1. That this matter came before the Court on the parties’ competing motions for summary judgment seeking a determination by the Court as to whether STATE FARM is entitled to a commercial right of reimbursement mainly based on whether the vehicle at issue is a commercial motor vehicle. Based on the reasons addressed below, this Court finds in favor of Plaintiff, STATE FARM MUTUAL AUTOMOBILE INSURANCE COMPANY, and finds that the vehicle at issue is a commercial motor vehicle.

2. The facts reveal the STATE FARM insured occupied a motor vehicle/sedan owned by WHEELS, LT., and that was insured by NATIONAL UNION FIRE INSURANCE COMPANY OF PITTSBURG PENNSYLVANIA.

3. That WHEELS, LT., leased multiple vehicles to another company, Tyco. That Tyco then provided the vehicles to employees of Tyco for business purposes although the employees may have been entitled to use the vehicles for some personal reasons.

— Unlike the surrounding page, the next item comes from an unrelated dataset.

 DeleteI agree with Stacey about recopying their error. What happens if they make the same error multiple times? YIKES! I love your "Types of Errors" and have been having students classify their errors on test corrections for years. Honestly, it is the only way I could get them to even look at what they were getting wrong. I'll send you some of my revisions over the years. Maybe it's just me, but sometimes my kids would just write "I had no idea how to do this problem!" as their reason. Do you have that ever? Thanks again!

4. The lease agreement between WHEELS, LT., and Tyco provides that it is a“commercial lease. This lease is for agricultural, business or commercial purposes, and is not primarily for personal, family or household purposes.” Further, the testimony of James Andrew Shaffer (representative of WHEELS, LT.) reveals that WHEELS, LT., was in “the business of leasing to businesses” and that the intent of the parties to the lease agreement was to lease a commercial motor vehicle.

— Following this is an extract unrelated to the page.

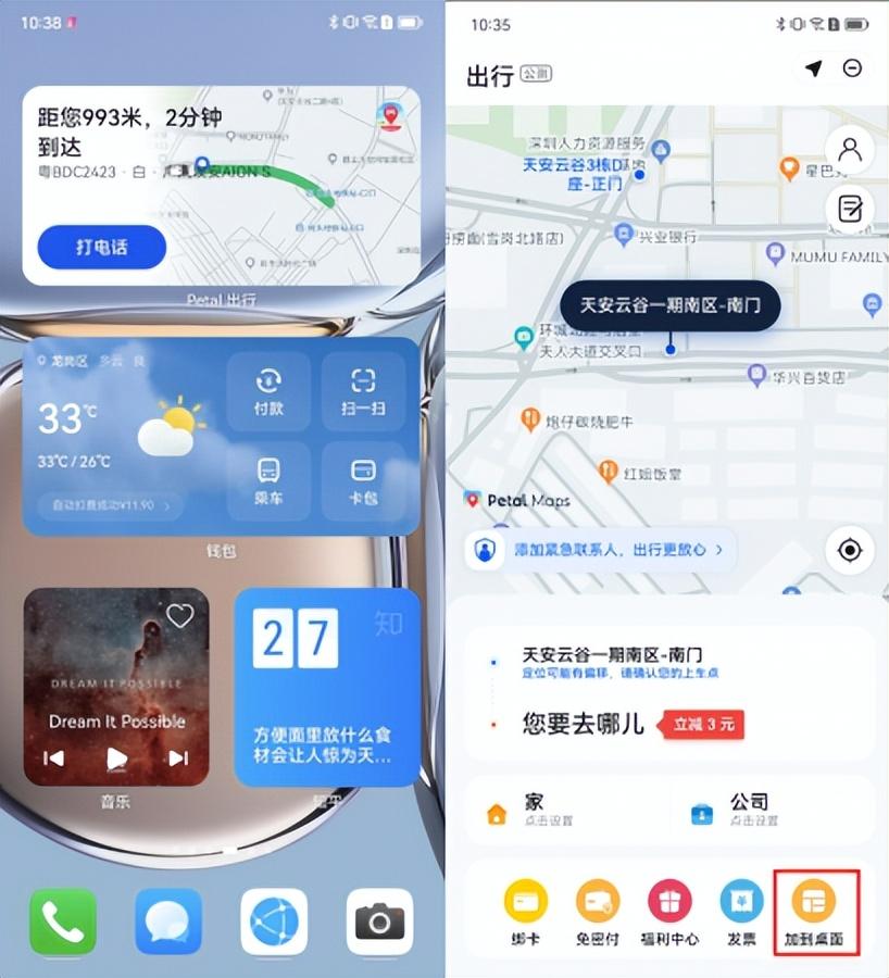 基于HarmonyOS 3, Petal 出行服务卡片可动态呈现打车任务信息。在等车期间,不需要点进App,通过桌面服务卡片就可以直接看到车辆颜色、车型、车牌号、预计等候时长、车辆位置变化等信息,实时掌握行程动态。同时基于多种多样的鸿蒙服务卡片,用户可在桌面查看打车信息的时候,直接点击播放音乐、浏览卡片资讯等,体验鸿蒙服务卡片的高效流畅!在Petal 出行中点击右下方【加到桌面】按钮,就可以快速添加卡片了。

5. That based on the evidence presented during hearing, it is clear to this Court that the sedan at issue is a commercial motor vehicle. That the intent of the parties was to deem the vehicle to be a commercial motor vehicle. That the lease agreement in combination with the testimony clearly shows that the vehicle was intended to be a commercial motor vehicle even if the vehicle is not a commercial motor vehicle under Florida Statutes §627.732 and §627.7405.

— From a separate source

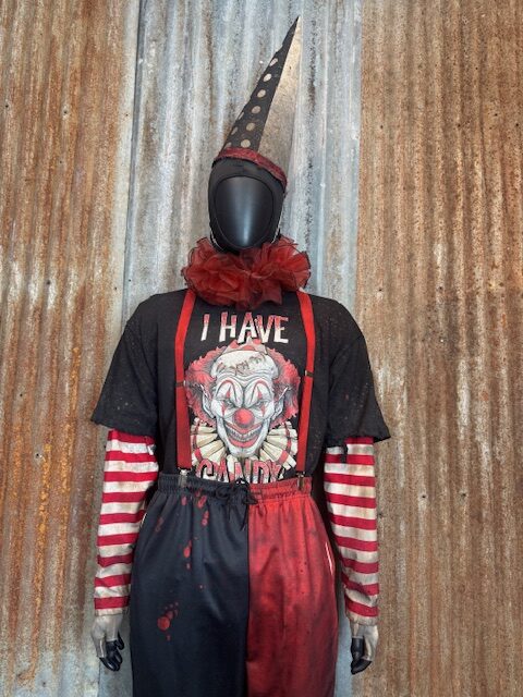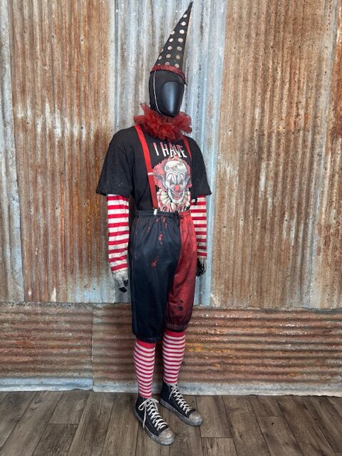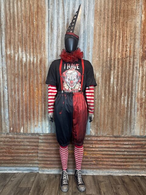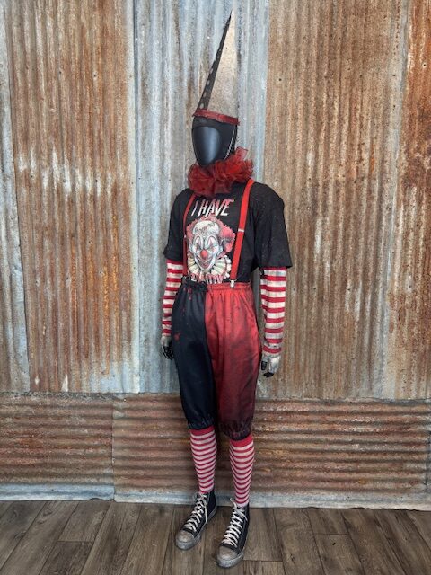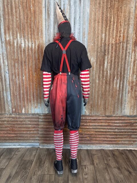 Each costume arrives fully built and performance-ready, featuring a complete clown ensemble professionally aged and distressed in-house, including shoes, knicker pants, arm sleeves, gloves, suspenders, T-shirt, neck ruffle, full face mask, and cone hat. Available in Medium through 2XL.

6. However, this Court finds the sedan is a commercial motor vehicle under the no-fault statute. That Florida Statutes §627.732(3)(a) and §627.732(3)(b) must be read in conjunction with one another. That in reading the provisions, it is clear to this Court that a commercial motor vehicle is any vehicle that is not a private passenger motor vehicle. That the shape and size of the vehicle are not the determining factors, but the useage of the vehicle may be the determining factor. Therefore, in reading the statutory provisions together, and in a reasonable and logical manner, this Court finds that the statute defining ‘commercial vehicle‘ is based upon the useage of the vehicle. That a sedan is not precluded from being a commercial motor vehicle, but may be a commercial motor vehicle if the primary useage is for occupational, commercial, professional or business purposes. That it is not reasonable or logical to find a vehicle used for commercial and business purposes is to be deemed a private passenger motor vehicle for this one purpose.

7. Based on the above, this Court finds that the sedan at issue is a commercial motor vehicle resulting in Plaintiff, STATE FARM, being entitled to a commercial right of reimbursement pursuant to Florida Statute §627.7405. Defendants’ Motion for Summary Judgment shall be denied. Based upon the parties’ agreement that there are no remaining issues to be adjudicated by this Court pertaining to the underlying cause of action, final judgment is appropriate.

8. Plaintiff, STATE FARM’s Motion for Summary Judgment shall be granted. STATE FARM shall be entitled to reimbursement of benefits of $10,000 as well as pre-judgment and post-judgment interest that shall accrue at a rate of 4.75 percent per annum, for which sum let execution issue.

11. Defendants shall take nothing from this cause of action and shall go hence without a day.

12. This Court reserves jurisdiction to address entitlement and reasonableness as to Plaintiff’s attorneys’ fees and costs as well as Plaintiff’s entitlement to sanctions.